ACTIVITY
Under this line are the records; repeat exactly the lines starting at the one containing "am proud to" and ending at the one containing "A guest room", omitting pictures.

SOURCE DATA
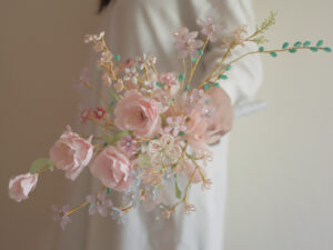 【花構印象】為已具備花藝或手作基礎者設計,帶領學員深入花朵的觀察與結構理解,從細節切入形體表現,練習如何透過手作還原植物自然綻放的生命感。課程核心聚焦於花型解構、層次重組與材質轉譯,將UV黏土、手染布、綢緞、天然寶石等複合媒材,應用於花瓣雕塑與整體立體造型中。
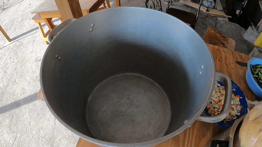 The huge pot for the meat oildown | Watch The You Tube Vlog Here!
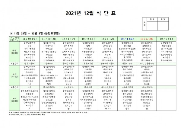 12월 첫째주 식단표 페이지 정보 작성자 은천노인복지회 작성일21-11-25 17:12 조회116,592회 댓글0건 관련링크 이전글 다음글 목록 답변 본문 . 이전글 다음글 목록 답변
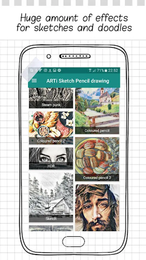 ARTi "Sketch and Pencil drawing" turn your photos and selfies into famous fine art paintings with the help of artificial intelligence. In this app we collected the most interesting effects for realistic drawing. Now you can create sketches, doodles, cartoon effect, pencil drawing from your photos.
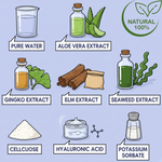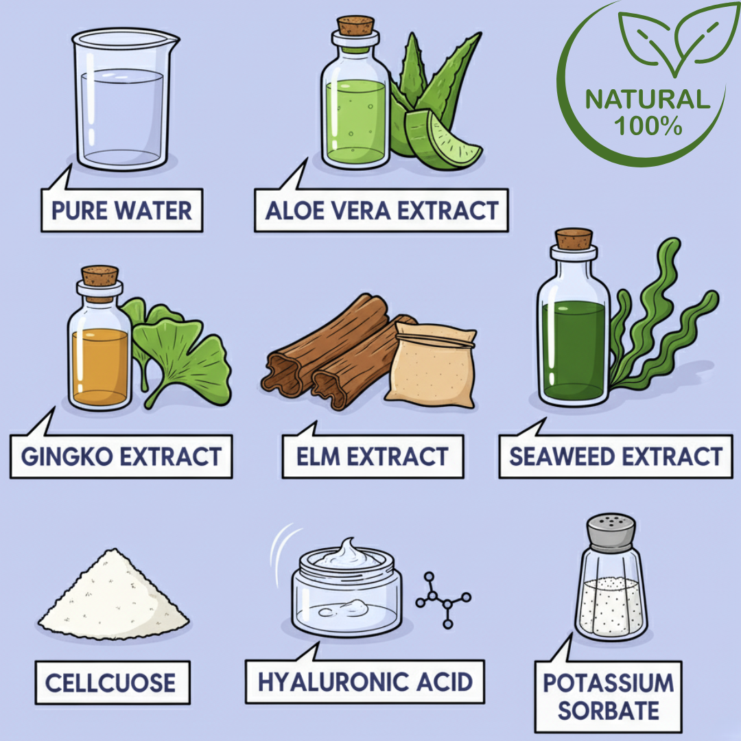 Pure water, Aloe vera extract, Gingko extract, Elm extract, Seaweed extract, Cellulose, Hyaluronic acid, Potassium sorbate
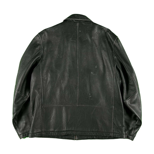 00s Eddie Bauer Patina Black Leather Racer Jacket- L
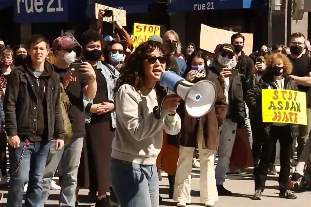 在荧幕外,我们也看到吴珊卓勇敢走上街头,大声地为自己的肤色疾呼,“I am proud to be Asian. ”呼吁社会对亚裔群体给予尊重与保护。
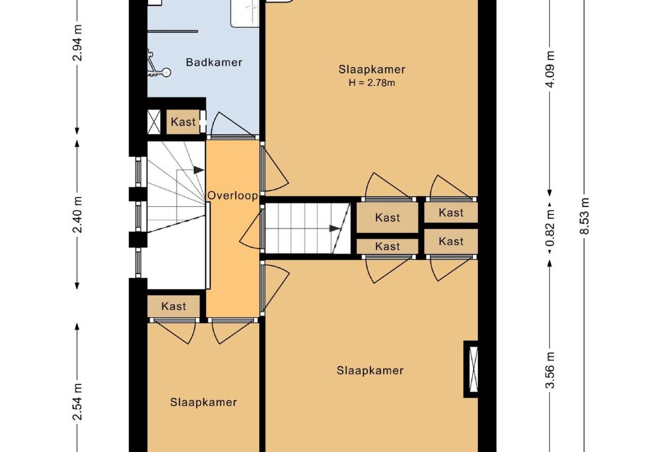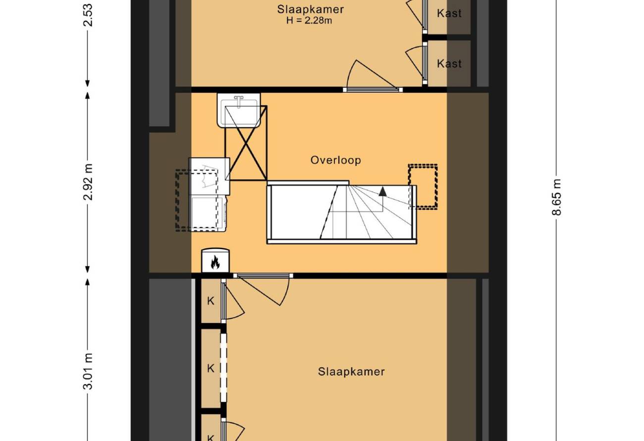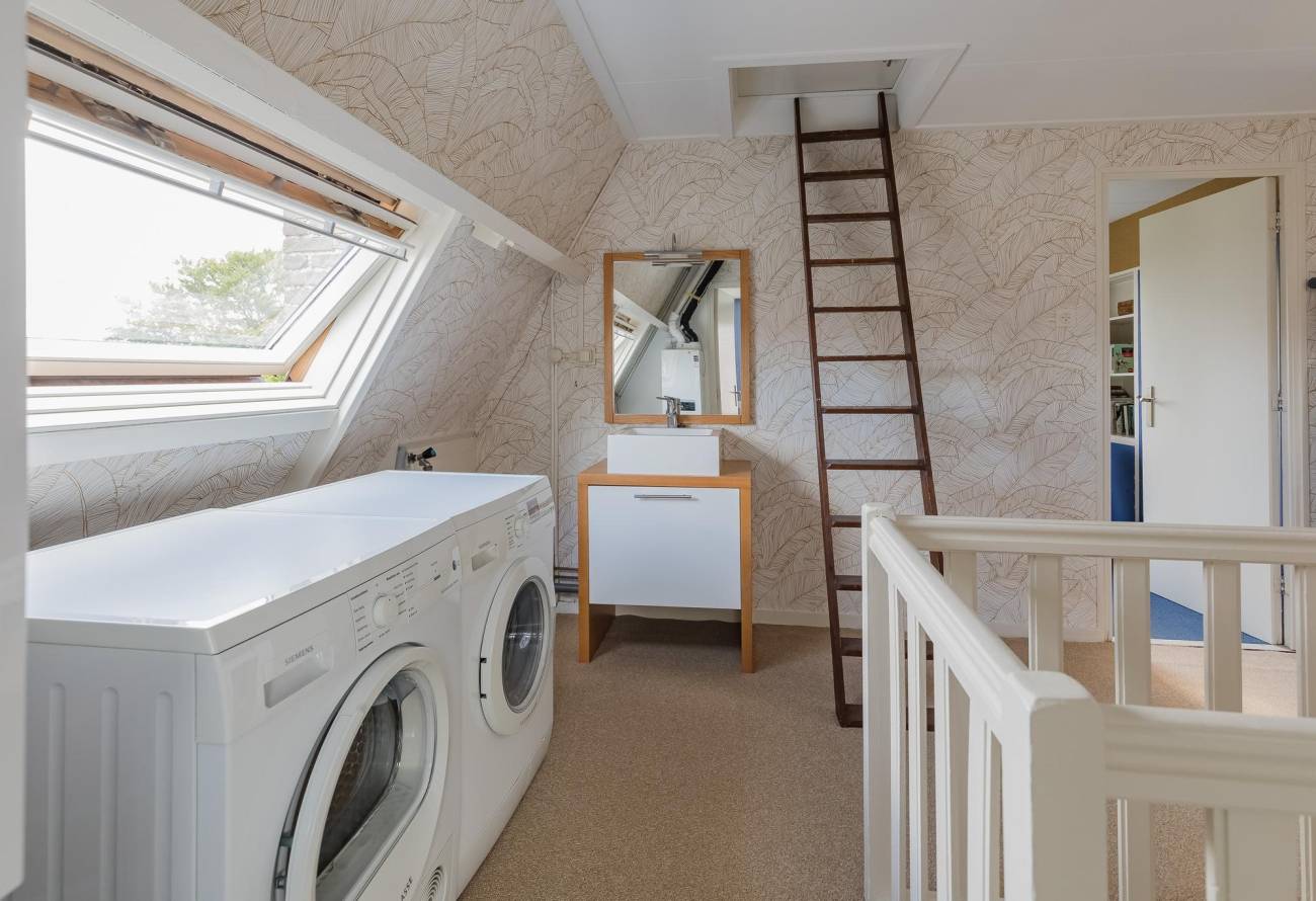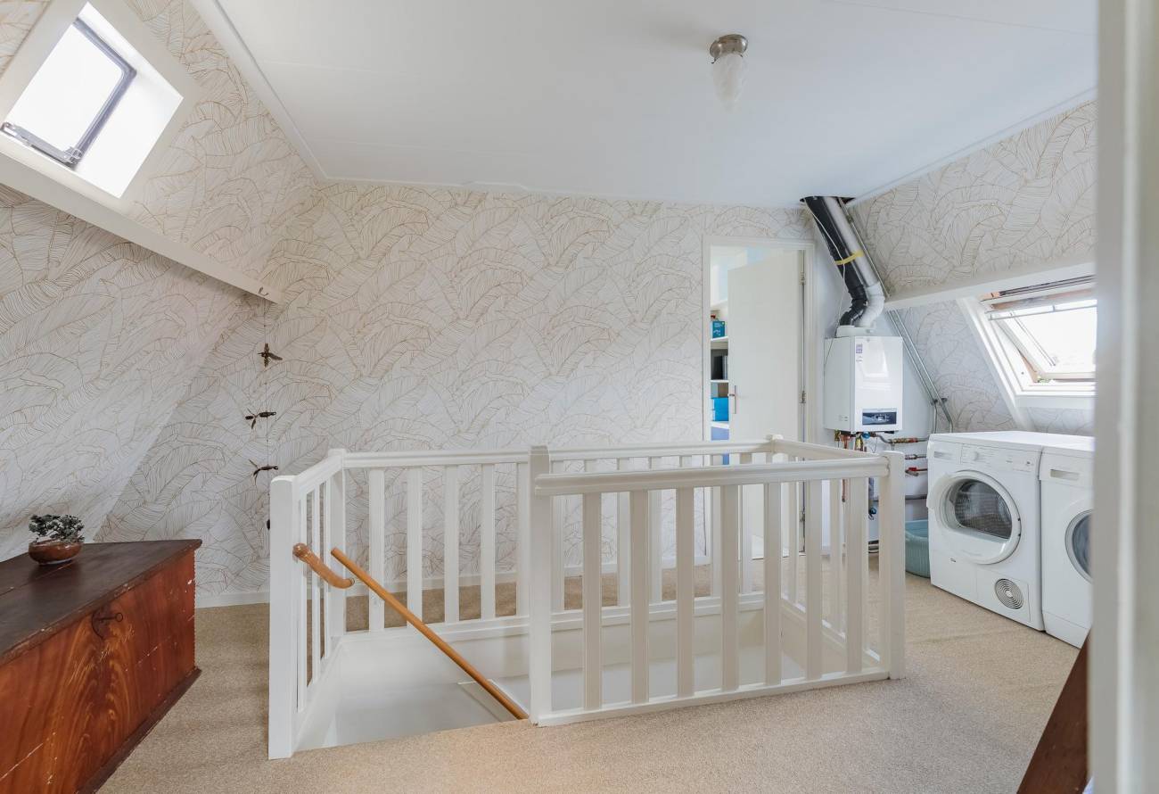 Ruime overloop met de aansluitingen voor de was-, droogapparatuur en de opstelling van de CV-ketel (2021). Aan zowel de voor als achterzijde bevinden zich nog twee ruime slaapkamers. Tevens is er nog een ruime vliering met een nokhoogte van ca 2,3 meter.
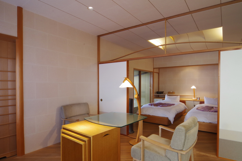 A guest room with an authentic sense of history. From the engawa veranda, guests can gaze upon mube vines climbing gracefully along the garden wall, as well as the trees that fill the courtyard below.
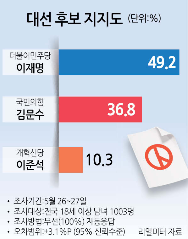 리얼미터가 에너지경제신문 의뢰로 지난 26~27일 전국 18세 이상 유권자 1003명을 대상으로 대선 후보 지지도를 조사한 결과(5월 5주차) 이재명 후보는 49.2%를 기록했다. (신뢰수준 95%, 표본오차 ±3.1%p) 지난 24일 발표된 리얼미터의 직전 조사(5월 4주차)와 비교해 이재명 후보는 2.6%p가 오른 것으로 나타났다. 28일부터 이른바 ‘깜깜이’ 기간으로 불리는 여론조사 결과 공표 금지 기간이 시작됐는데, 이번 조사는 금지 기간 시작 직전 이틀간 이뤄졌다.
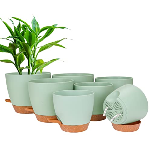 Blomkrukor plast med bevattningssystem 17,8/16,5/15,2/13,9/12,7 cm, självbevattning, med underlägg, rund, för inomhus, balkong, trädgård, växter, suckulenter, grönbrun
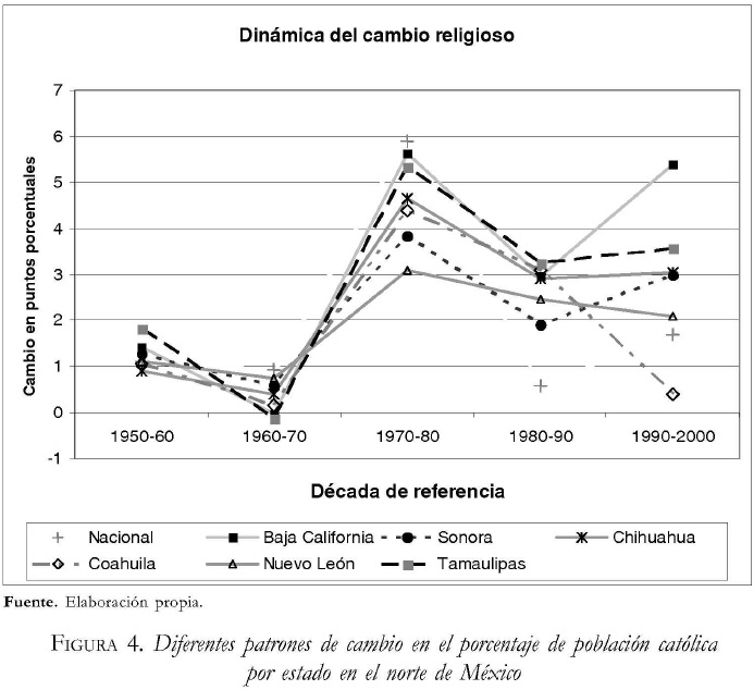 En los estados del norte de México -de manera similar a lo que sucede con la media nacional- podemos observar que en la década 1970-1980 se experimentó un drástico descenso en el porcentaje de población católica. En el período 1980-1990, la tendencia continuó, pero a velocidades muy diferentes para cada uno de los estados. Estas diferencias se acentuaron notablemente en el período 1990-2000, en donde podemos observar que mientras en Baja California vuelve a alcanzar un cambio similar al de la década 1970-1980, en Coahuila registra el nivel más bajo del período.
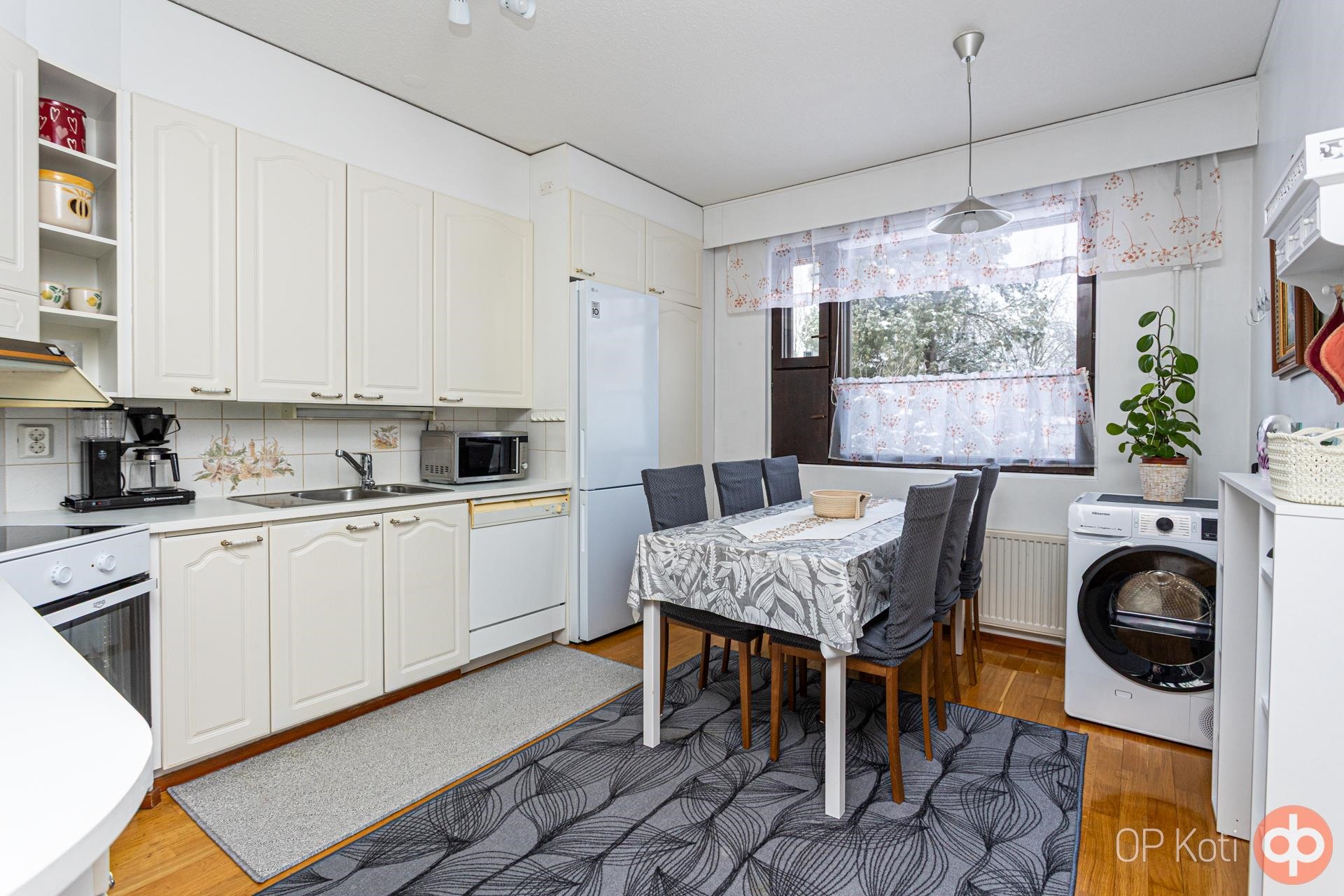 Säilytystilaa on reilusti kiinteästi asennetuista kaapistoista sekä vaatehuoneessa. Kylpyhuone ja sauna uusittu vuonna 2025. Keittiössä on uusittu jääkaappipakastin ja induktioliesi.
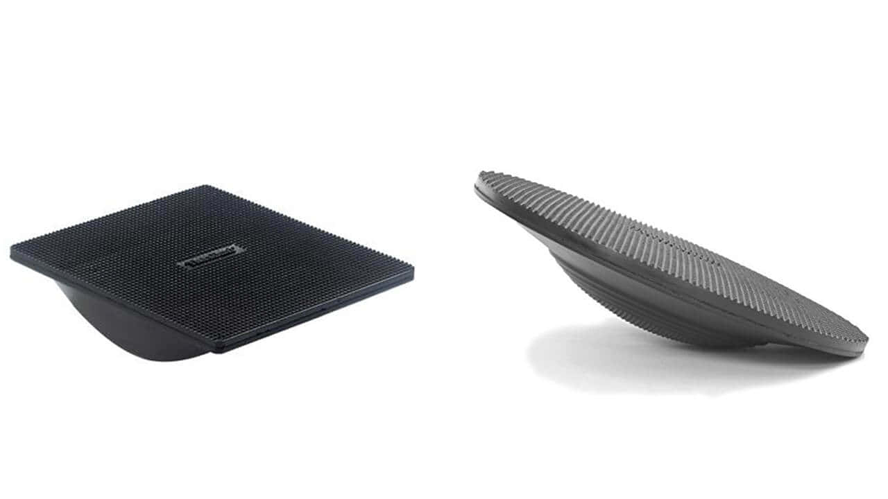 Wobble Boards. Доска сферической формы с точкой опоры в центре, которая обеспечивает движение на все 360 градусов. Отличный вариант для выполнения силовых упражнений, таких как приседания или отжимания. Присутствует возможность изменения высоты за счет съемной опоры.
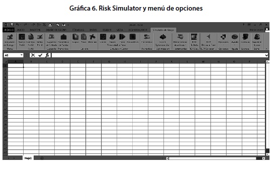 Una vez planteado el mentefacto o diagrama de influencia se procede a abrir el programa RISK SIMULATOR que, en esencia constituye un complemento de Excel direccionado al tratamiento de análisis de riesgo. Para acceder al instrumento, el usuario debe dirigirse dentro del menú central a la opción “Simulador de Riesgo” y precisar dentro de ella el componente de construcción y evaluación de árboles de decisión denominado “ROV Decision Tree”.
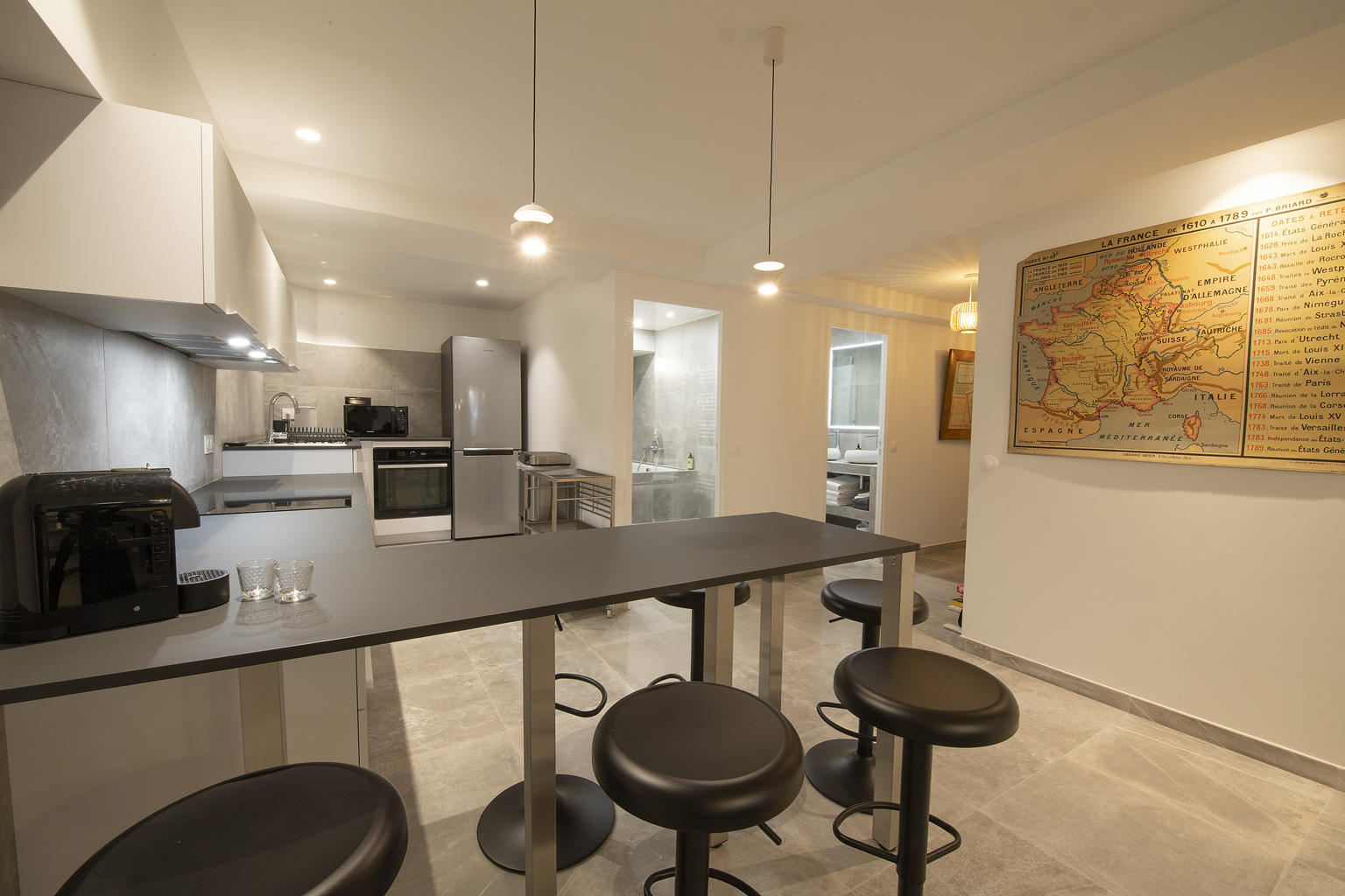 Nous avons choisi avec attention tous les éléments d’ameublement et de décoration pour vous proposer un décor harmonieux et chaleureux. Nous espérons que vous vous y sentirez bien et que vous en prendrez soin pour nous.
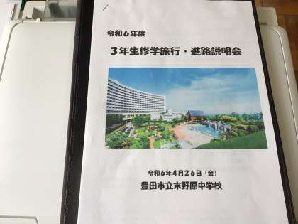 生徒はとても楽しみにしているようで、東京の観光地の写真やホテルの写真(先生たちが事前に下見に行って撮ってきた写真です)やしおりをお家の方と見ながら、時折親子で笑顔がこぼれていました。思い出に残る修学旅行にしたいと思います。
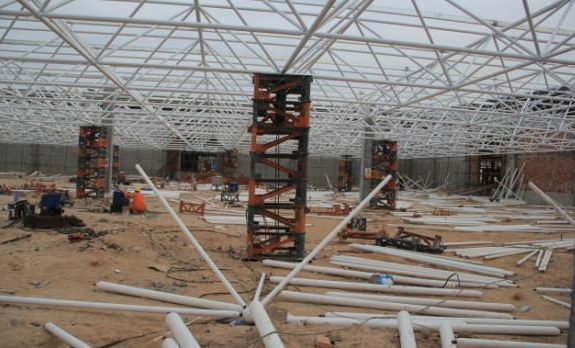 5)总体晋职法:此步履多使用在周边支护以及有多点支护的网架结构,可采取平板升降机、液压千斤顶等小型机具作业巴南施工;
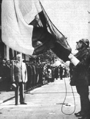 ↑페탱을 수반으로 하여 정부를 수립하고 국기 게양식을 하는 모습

OUTPUT OF THE TASK
 在荧幕外,我们也看到吴珊卓勇敢走上街头,大声地为自己的肤色疾呼,“I am proud to be Asian. ”呼吁社会对亚裔群体给予尊重与保护。
 Ruime overloop met de aansluitingen voor de was-, droogapparatuur en de opstelling van de CV-ketel (2021). Aan zowel de voor als achterzijde bevinden zich nog twee ruime slaapkamers. Tevens is er nog een ruime vliering met een nokhoogte van ca 2,3 meter.
 A guest room with an authentic sense of history. From the engawa veranda, guests can gaze upon mube vines climbing gracefully along the garden wall, as well as the trees that fill the courtyard below.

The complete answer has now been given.